8 de setembro de 2022

Lucas Miranda/Pixabay

Por Mariana Chaimovich e Thaís Zappelini*

Artigo publicado originalmente na ConJur

É quase unânime: quando falamos, em nossos círculos sociais, familiares ou acadêmicos, que trabalhamos em instituição que atua para sugerir melhorias na prestação de serviços e na tomada de decisões que impactem na vida de usuários que integram a cadeia do dinheiro em espécie — que aliás percorre todo um caminho até chegar nas mãos da população —, nos deparamos, invariavelmente, com os mesmos comentários insinuantes: “lobistas do dinheiro? Cadê a (minha) mala com notas de R$ 200?”; ou “Nossa, mas que ideia é essa de defender a circulação de dinheiro em espécie — isso aí não vai acabar? Nunca ando com um real na carteira!”.

Pois bem. Esses comentários aludem, de certa forma, à realidade enfrentada pela população brasileira, que compreende um cenário no qual existem sim casos de corrupção envolvendo dinheiro em espécie, da mesma forma como existem pessoas que não usam mais dinheiro em cédulas ou moedas.

Porém, esse não é o único lado da moeda. Também é verdade que, por outro lado, há expressivos casos de corrupção envolvendo — pasmem! — lavagem de dinheiro dentro do sistema financeiro tradicional, assim como temos muitas pessoas desbancarizadas e sem qualquer acesso a recursos tecnológicos, que dependem exclusivamente do dinheiro em espécie para suprir as suas necessidades mais básicas, não apenas no Brasil, mas em diversos outros países.

Aqui, temos duas questões que esses comentários revelam e que causam dúvidas: primeiro, qual a relevância do dinheiro em espécie, considerando que muito se tem falado por aí que ele vai desaparecer? E segundo: o que é e qual o papel do lobby nesse sentido?

Começando pela primeira questão, trazemos aqui um par de exemplos que corroboram a percepção de que, apesar das drásticas mudanças que viemos experimentando, ainda mais considerado o contexto pandêmico que acelerou a digitalização de meios de pagamento, o dinheiro em espécie, ou simplesmente “numerário”, é necessário por uma questão cultural, conjuntural e de acesso.

Cultural, pois o dinheiro físico possibilita o desenvolvimento regional e, com isso, a preservação cultural. Conjuntural porque a consequência do primeiro aspecto é o fortalecimento do mercado interno. Um terceiro ponto, concernente à acessibilidade, é que cerca de 34 milhões de brasileiros e brasileiras [1] não possuem acesso a serviços bancários, sendo que aproximadamente 16 milhões de pessoas foram desbancarizadas em nosso país em virtude da pandemia [2].

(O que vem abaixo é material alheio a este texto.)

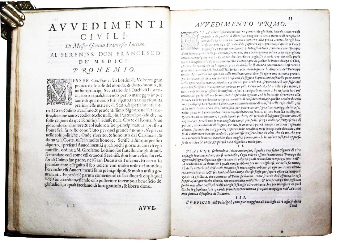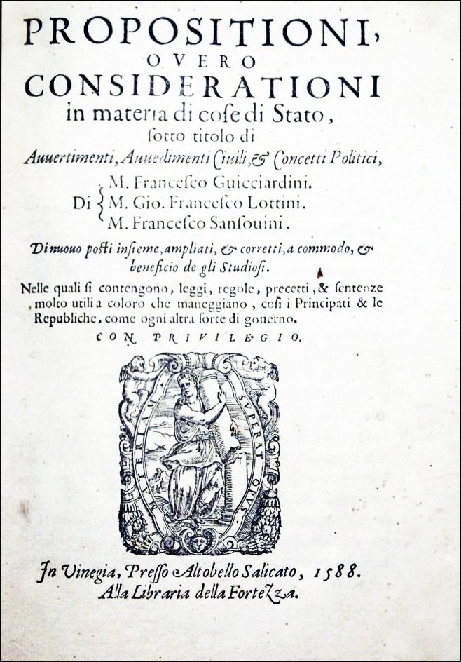 Propositioni, overo considerationi in materia di cose di Stato, sotto titolo di avvertimenti, avvedimenti civili et concetti politici di M. Francesco Guicciardini, M. Gio. Francesco Lottini, M. Francesco Sansovini. Di nuovo posti insieme, ampliati, et corretti, a commodo, et beneficio de gli studiosi. Nelle quali si contengono, leggi, regole, precetti, & sentenze molto utili a coloro che maneggiano, cosi i principati & le repubbliche, come ogni altra sorte di governo.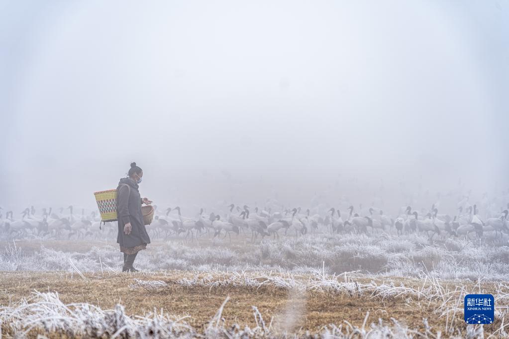 12月10日,陳光會在云南大山包黑頸鶴國家級自然保護區給黑頸鶴投食。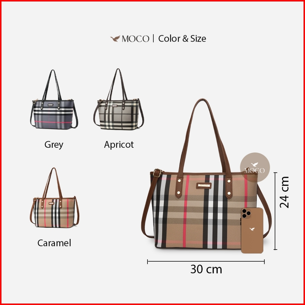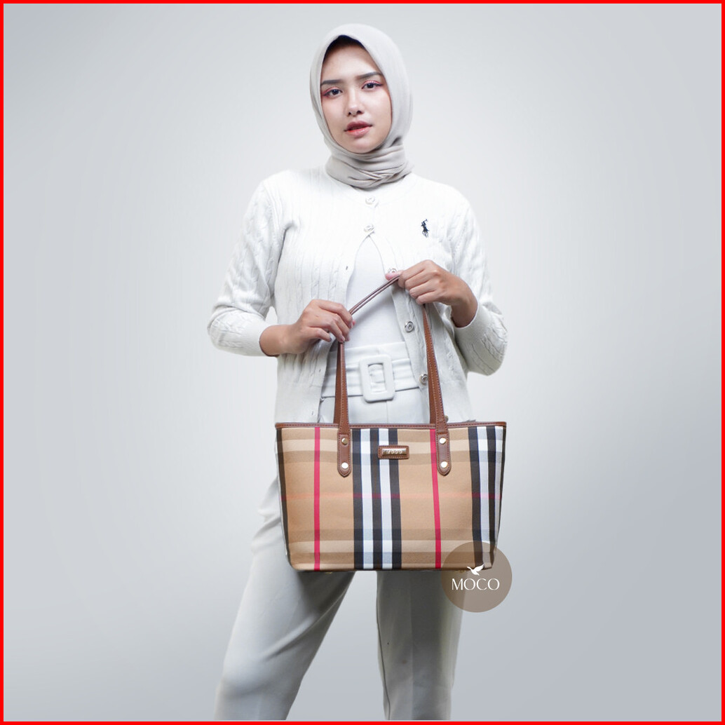 Moco Fashion Totebag Wanita Tas Tenteng Kerja Kuliah Kotak-kotak Aesthetic Korean Style 689-1

Durante o período mais agudo da pandemia de Covid-19, o dinheiro em espécie permaneceu circulando Brasil afora, em momento em que a população mais vulnerável precisou sacar, em dinheiro, seu auxílio emergencial. Esse fato trouxe, inclusive, um contexto de emissão que culminou no lançamento da nota de R$ 200, necessária para suprir uma necessidade emergencial de dinheiro em espécie. Esse tema, inclusive, já foi tratado em outros artigos deste instituto [3].

Outro exemplo relevante sobre como esses fatores precisam ser considerados na relação com o dinheiro em espécie pode ser encontrado no Reino Unido. De acordo com notícia publicada recentemente na BBC News, as pessoas estão realizando um movimento de retorno ao dinheiro para manter controle de seus gastos, principalmente em razão da alta dos custos de vida no país [4].

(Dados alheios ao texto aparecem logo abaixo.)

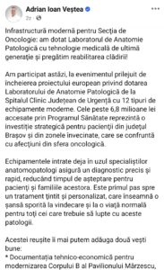 Pe pagina de facebook a domnului președinte al Consiliului Județean Brașov suntem informați că oncologia brașoveană a primit dotări noi de ultimă generație în valoare de milioame de lei. Cităm : “Infrastructură modernă pentru Secţia de Oncologie: am dotat Laboratorul de Anatomie Patologică cu tehnologie medicală de ultimă generaţie şi pregătim reabilitarea clădirii! Am participat astăzi, la evenimentul prilejuit de încheierea proiectului european privind dotarea Laboratorului de Anatomie Patologică de la Spitalul Clinic Județean de Urgență cu 12 tipuri de echipamente moderne. Cele peste 6,8 milioane lei accesate prin Programul Sănătate reprezintă o investiție strategică pentru pacienţii din judeţul Braşov şi din zonele învecinate, care se confruntă cu afecţiuni din sfera oncologică. Echipamentele intrate deja în uzul specialiştilor anatomopatologi asigură un diagnostic precis și rapid, reducând timpul de așteptare pentru pacienţi şi familiile acestora. Este primul pas spre un tratament ţintit şi personalizat, care înseamnă o şansă sporită la vindecare şi la o viaţă normală pentru toţi cei care trebuie să lupte cu aceste patologii. ….“ Faptul că se mărește arsenalul de lupta împotriva bolii secolului nu poate decât să ne bucure. Dar ce facem cu bolnavii de cancer? În urma refomelor lui Bolojan, aceștia suferă mai tare.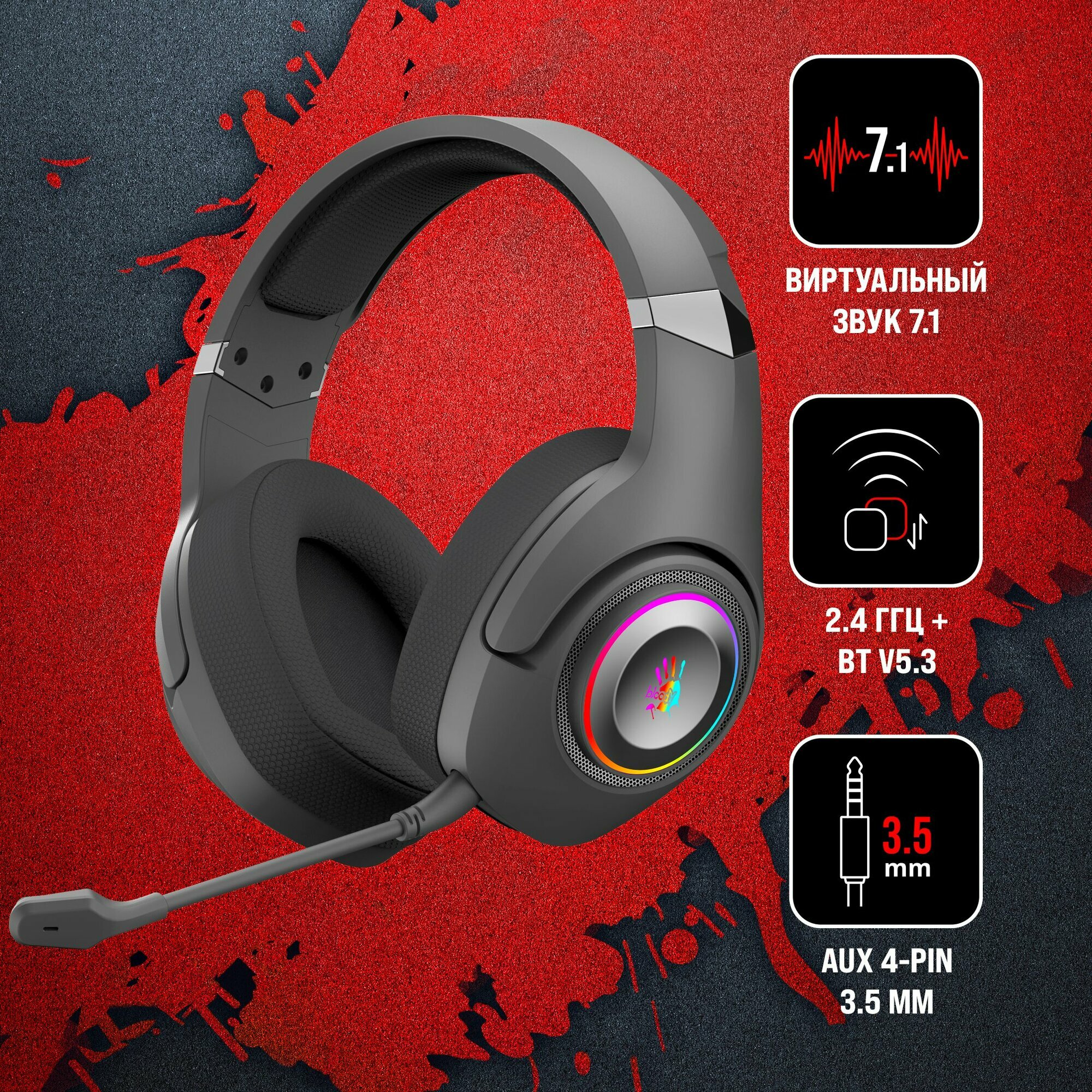 Наушники игровые A4Tech Bloody GR270, черный, мониторные, bluetooth/радио/USB, 1.5 м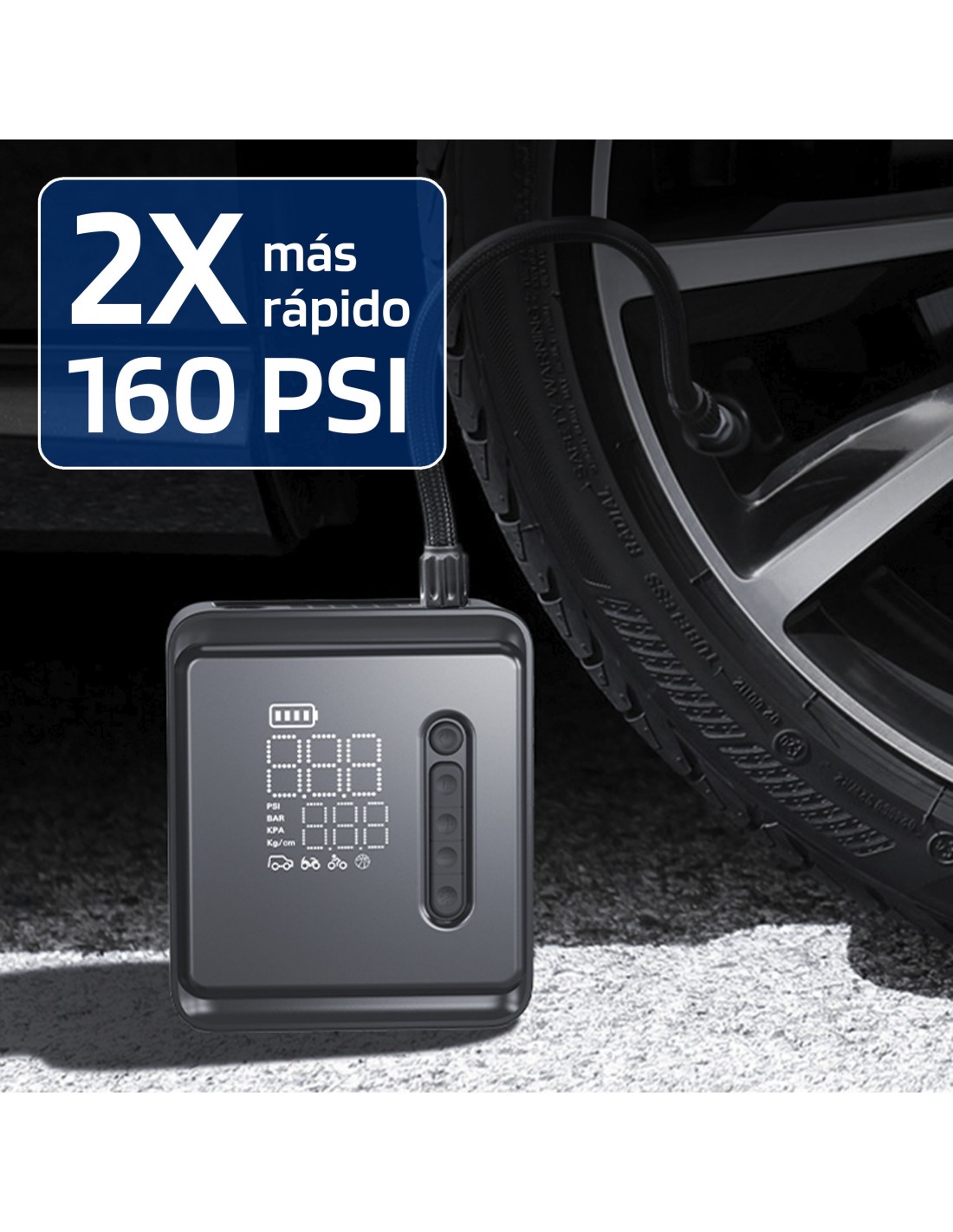 Putere ridicata: 150 PSI / 10.3 Bar, motor de 120W pentru umflare rapida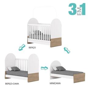 Berço Mini Cama 3 em 1 Mdf/mdp Magia Branco/Marrom. O Berço Mini Cama Magia é um produto 3 em 1, Berço que se transforma em Berço-cama e em Mini cama acompanhando o crescimento do seu bebê. O Berço conta com acabamentos arredondados, grade fixa, possui 02 regulagens de altura e suporte para mosquiteiro pensados para transmitir beleza e segurança para o quarto do seu filho.

Para se ter uma ideia do que isso representa em números, a reportagem informa que os saques nos postos dos Correios do país aumentaram mais de 20% desde julho do ano passado, número recorde nos últimos cinco anos. O ato de separar previamente cédulas para pagar suas contas de forma organizada e predeterminada permite que as pessoas tenham maior controle sobre suas finanças, segundo Natalie Ceeney, que comandou estudo do governo britânico sobre acesso a dinheiro. O acesso ao dinheiro em todas as localidades é algo considerado crítico, ainda mais pensando no fato de que é muito mais fácil gastar dinheiro que não se tem, segundo Ceeney, que ressalta, ainda, que a realidade digital não é para todos. Segundo ela, “milhões de pessoas não têm acesso a computadores ou a smartphones, portanto precisamos manter o dinheiro como alternativa viável”, diz ela (tradução livre).

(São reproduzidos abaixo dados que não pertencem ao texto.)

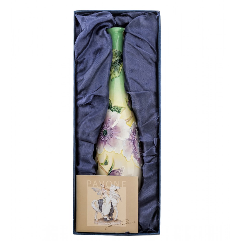 Высокая, украшенная бабочками или цветами на нежном светлом фоне, она растопит сердце каждой женщины, тем более, если в связке с вазой сразу же презентовать и цветы. Изысканная форма, настоящий итальянский фарфор и талант специалистов компании "Павоне" - вот что делает эту вазу фактически прекрасным подарком для женщин человечества.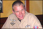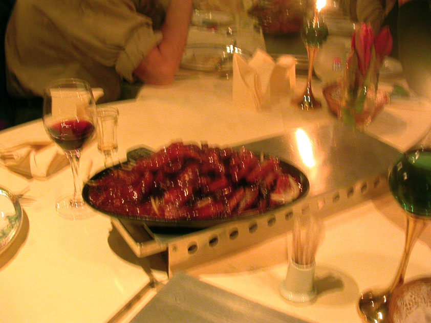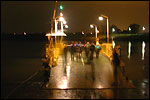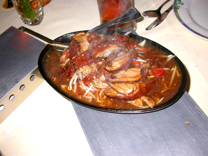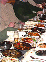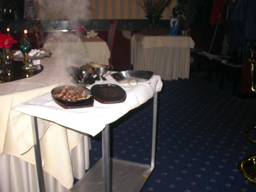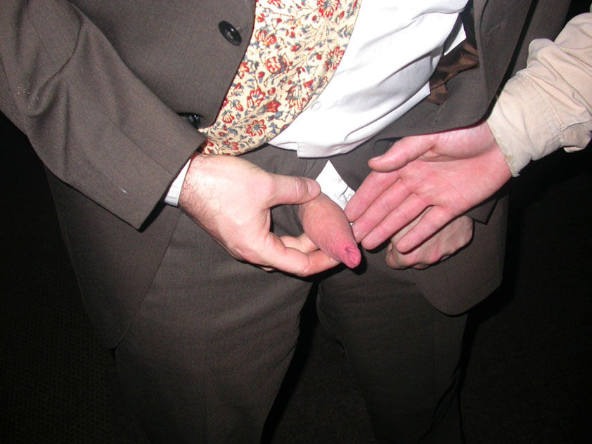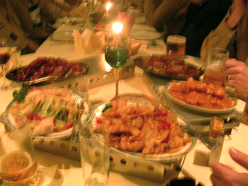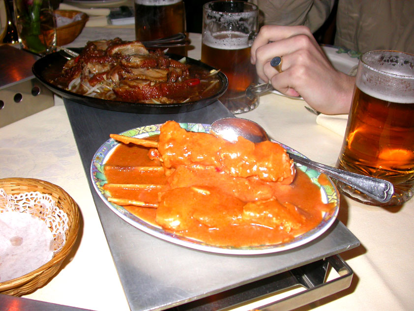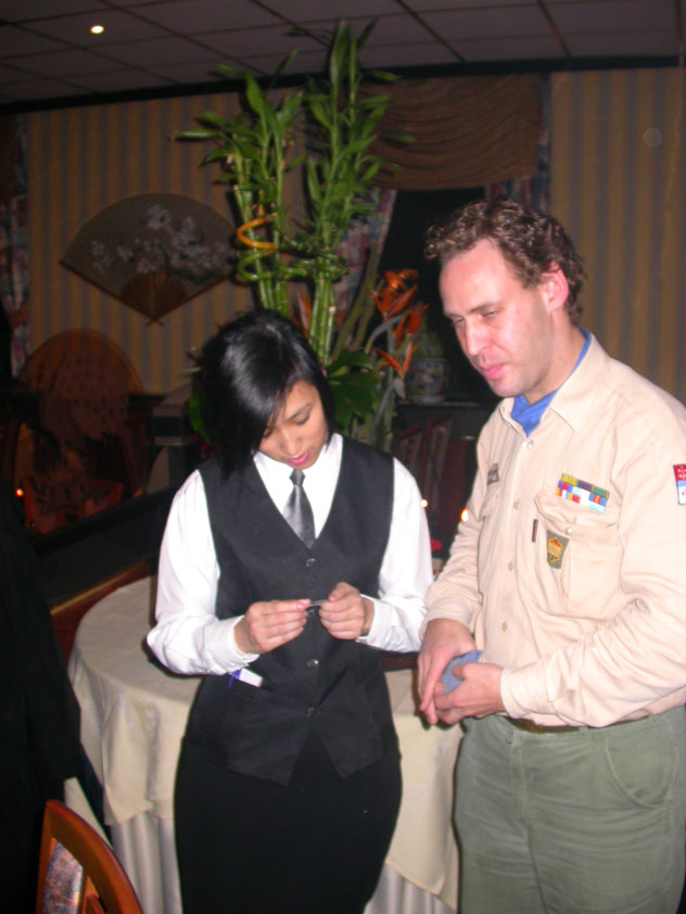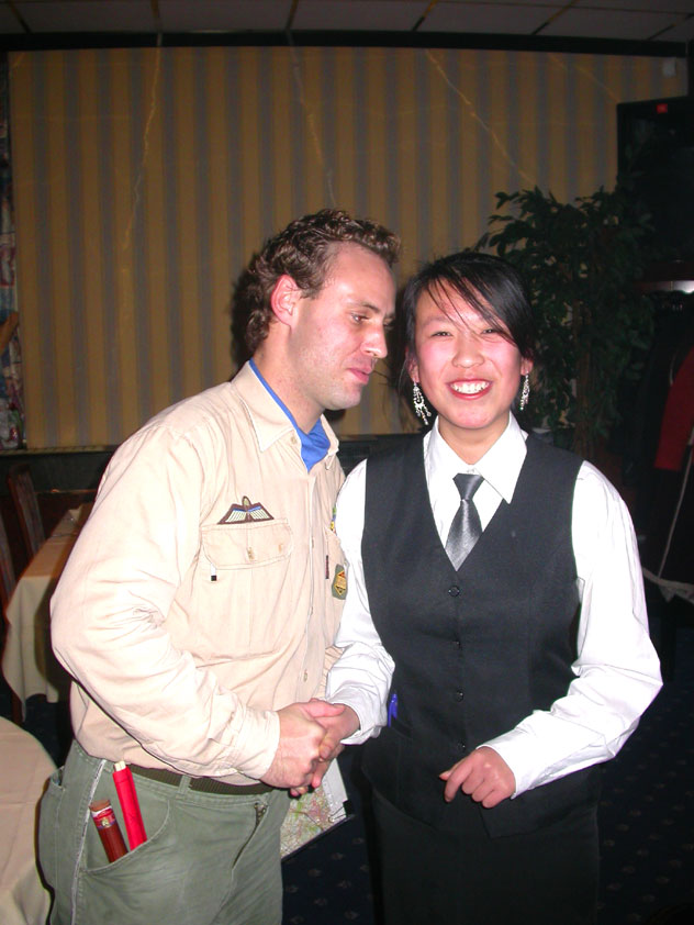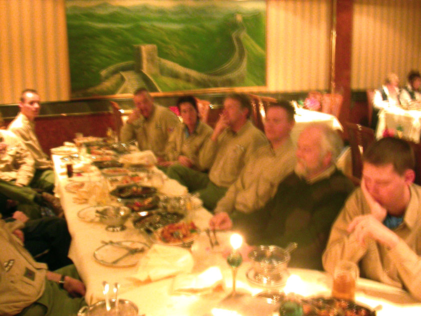 Not yet recovered from this sottery, we ran, just before the ferry to Velden, into a potatoe-machine! Dumbfounded, Marco van Zijntergen and Albert decided to activate the machine, to see what would it would produce. This turned out to be, for relatively little money, a sizable bag of potatoes! Bloody wonderful, and reason for Albert to happily carry it home. Well done, son. The ferry to Velden, thereupon, turned out to be the source of so much fun, in the pitchblack dark and pouring rain, that we spontaneously forgot about that rain. And this continued, as we tore into the village centre, loudly singing the Wandelsoc.-song. It must have been a terrifying racket. In Restaurant 'De Chinese Muur' (Chinese Wall) we then hit the chow, and it was satisfactory. Because the quality was excellent, better for sure, than in the wokrestaurant of the same name in Plasmolen, where we had, to please Marco Neumann (who had, for march upon march, been nagging about a Chinese meal), dined at the end of leg 12. This Wall too, we therefore decided to level, to please Neumann, but that, in hindsight, turned out to be a pearl, before the swine: because Neumann wasn't with us at all, today. Dog breath (but oh, he did miss the utterly pleasant waitresses, his own fault)! Who was there, or in any case arrived there, was Ronald Fischer. He had not marched along at all today (nor had he the time before, by the way). This because he had scored a 22 year old girlfriend, and that girlfriend was Article 31 reformed, so that meant church twice on Sundays, and no marching for him. But it also had its advantages, and this was what Fischer had come to show us. "Guys, I'm really only here to show you my dick. Y'all really have no idea what a hard time it has with a girlfriend like that! Up yours!"

Essa é a realidade apresentada em país com PIB e IDH superiores aos do Brasil. Para termos uma ideia comparativa, o PIB per capita no Brasil era de US$ 6.796 em 2020, enquanto o do Reino Unido de US$ 40.284. No mesmo ano, enquanto o Brasil ocupava a 84 ª posição no ranking, o Reino Unido estava na 13ª posição em universo de 189 países.

Nesse contexto, podem ser verificados dados avassaladores sobre o endividamento no Brasil. Antes, cabe uma breve definição do que seria, de fato, a caracterização de um “endividamento”. Conforme a Serasa, a dívida diz respeito a um compromisso de pagar algo. O endividamento, portanto, significa que o indivíduo contraiu uma obrigação: se você tem parcelas a pagar, você possui dívidas, mesmo que elas estejam sendo pagas em dia. Nesse âmbito, pesquisa feita pela Serasa aponta que aproximadamente 75% das famílias brasileiras estão endividadas, de modo que os principais fatores que levam ao endividamento, além do desemprego, são o descontrole financeiro e a falta de pagamento de contas diárias, que afetam cerca de 25% dos endividados [5].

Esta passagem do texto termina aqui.